══ Dataset excerpt ══

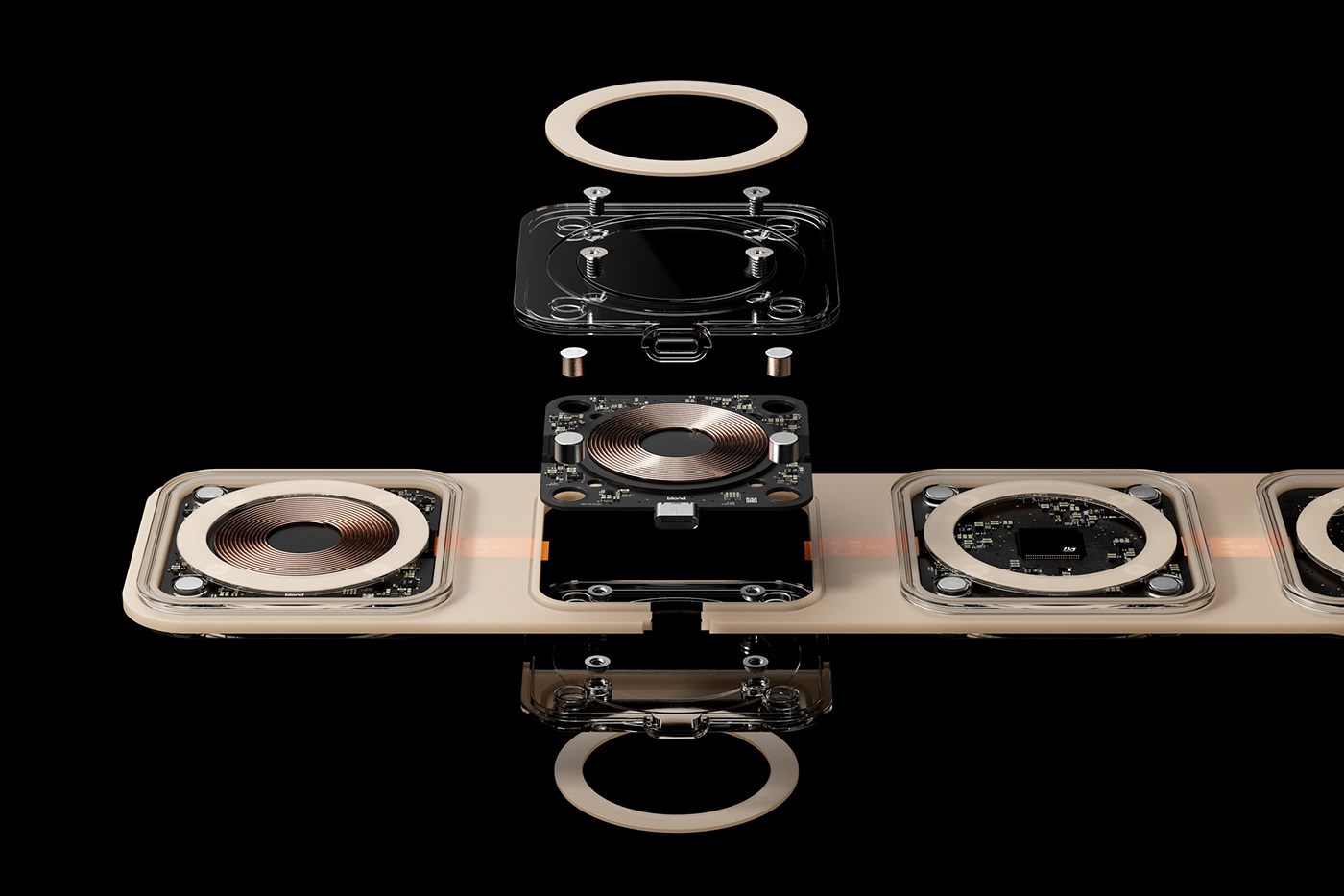 Fold Wireless Charger 是一款折叠式无线充电器,旨在解决多设备及便携充电问题,折叠使用户最多可以同时为三种产品充电,该设备还可以折叠成多种配置,以适合用户当前的要求。
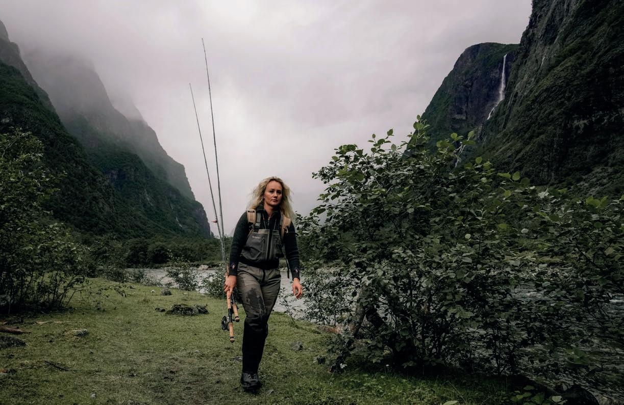 Vi treffer henne i en flomstor Nærøydalselv i Voss, der hun har tilbrakt en forgjeves fiskenatt ute i de frådende vannmassene. Det er ikke slike forhold laksen biter under, men som ved et mirakel har vannet trukket seg tilbake igjen. Lene har trua på det kommende døgnet.
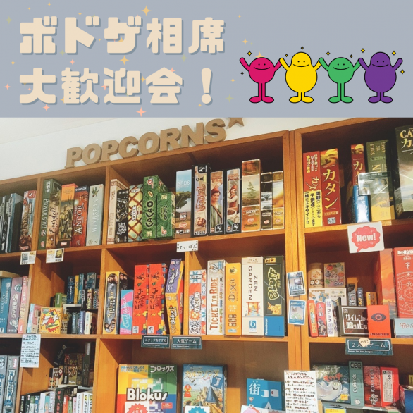 品川区大井町駅徒歩直ぐのポップコーンズ*で、 相席大歓迎会を開催します! 楽しめるゲームと相席大歓迎卓をご用意してお待ちしております。 ルール説明はスタッフがサポートしますので、初心者でもお気軽に。 当日は、当店スタッフがおすすめのボードゲームを遊ぶ予定です。 人数やお好みに合わせて選びます。リクエストは下記コメント欄で募集中!! 途中参加・途中退室も可能なので、どなたもゆるーくご参加くださいませ。 おひとり様、グループでのご参加大歓迎です! イベント概要 ■日時 開始時間:14:00 ■参加定員 ■参加費 【平日料金】 デイパック(13:30~18:00):1500円1ドリンク付 ※デイパックで入店された方は+1000円でフリータイムに変更可

═══

When copying the listing above, begin at its first line and stop after the line with "Vi treffer henne", keeping each line exact and dropping the pictures.

 Fold Wireless Charger 是一款折叠式无线充电器,旨在解决多设备及便携充电问题,折叠使用户最多可以同时为三种产品充电,该设备还可以折叠成多种配置,以适合用户当前的要求。
 Vi treffer henne i en flomstor Nærøydalselv i Voss, der hun har tilbrakt en forgjeves fiskenatt ute i de frådende vannmassene. Det er ikke slike forhold laksen biter under, men som ved et mirakel har vannet trukket seg tilbake igjen. Lene har trua på det kommende døgnet.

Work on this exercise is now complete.